The irony, from my point of view, is that the cinema being decried by middle class critics of early Indian films was very much within the framework of the definition of ‘tradition’ as presented above. They were also traditional in a more literal sense of being derived from traditions of storytelling and performance that had long histories in the subcontinent. In the first place, the films were mostly romances dedicated in the main towards the formation of the romantic couple at the end of the resolution of social tensions that held back the fruitful coming together of the sexes. Indeed, the couple was made only possible after the social order had been reconfigured to a stable and harmonious one, one that could include the new sexual energies of the couple. Men and women had to settle scores with residual conservative habits, the siren call of the past, before they could do justice to the adventurous stirrings of the flesh and mind. But for this the social setting had to change as well. Thus was set up a long standing genre of Indian cinema – the formation of the couple was tantamount to the setting up of a new kingdom defined by justice and harmony. An older social order had to be shaken up, social ties loosened and made lyrical and more reciprocal, to allow for sexual adventure. However, despite these changes an idea of stable reproducible vision of society, a ‘tradition’, was never given up.
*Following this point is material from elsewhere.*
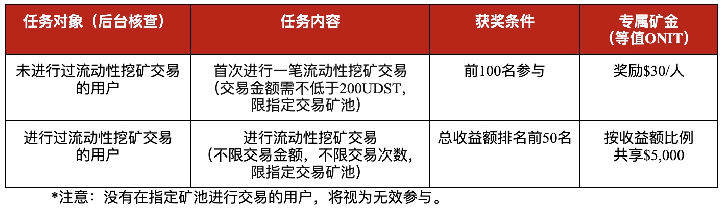 流动性挖矿&借贷挖矿”Telegram交流群 ,并邀请一名好友加入(24小时内退群将视为无效参与);即可获得$10 ONIT福利金,总奖池$1,000,先到先得,送完即止。

In the second place, such films were derived from older performance and graphic traditions of the Indic subcontinent consisting of a motley collection of martial, theatrical, storytelling and painterly practices. In the epoch just previous to the setting up of the Indian film industries these traditions had come together in the Parsi Theatre from which many artistic practices were adopted by the new medium. The fantasy films had roots in the Arabian Nights-type story while the adventure romance was clearly indebted to traditions of the oral heroic ballad which were in most cases intimately related to painterly and performance traditions. But beyond this, and very significant for our discussion, were the traditions of the ars erotica that were mastered in the palaces, and the courtesan’s quarters the most explicit public circulation of which were erotic graphics in the form of drawings and paintings that circulated extensively in the bazaars of India. Moreover, there are indications in colonial records that many local live performance traditions were not averse to being sexually graphic. For men, there were the traditions of the martial arts of wrestling, horse-riding and hunting amongst others that were considered amongst the arts by cultural commentators and audiences alike. Public wrestling displays had a haloed history that had been redefined with the setting up of the princely states. Likewise something like hunting had always had an aura of public performance with an entire society participating in the proceedings. And it was from this world of the martial and erotic arts that the first subaltern stars of Indian cinema emerged.

Traditions and the modern
As seen above, the popular film traditions of the bazaar were in line with conventional ideas of what a tradition might constitute as well as with performance traditions with sanctified histories within the Indic cultural ecumene. However, the relationship that the performance traditions described above had with the modern or with the modernizing process through cinema was a very different one than the one established by high cultural traditions. To put it in a provocatively simplified formulation: in colonial twentieth century India, popular cultural traditions of the bazaar, especially the ones to do with spectacular live performances, took on the challenge of adapting to the speeds of the modern while high cultural traditions modernized in some ways as critiques of Western modernity. For the latter, the point of the modern was to set up a society that did justice to Indian tradition. For some, there remained the illusion of having a modern society that somehow avoided the pitfalls of alienation and brutalization of Western modernizing drives.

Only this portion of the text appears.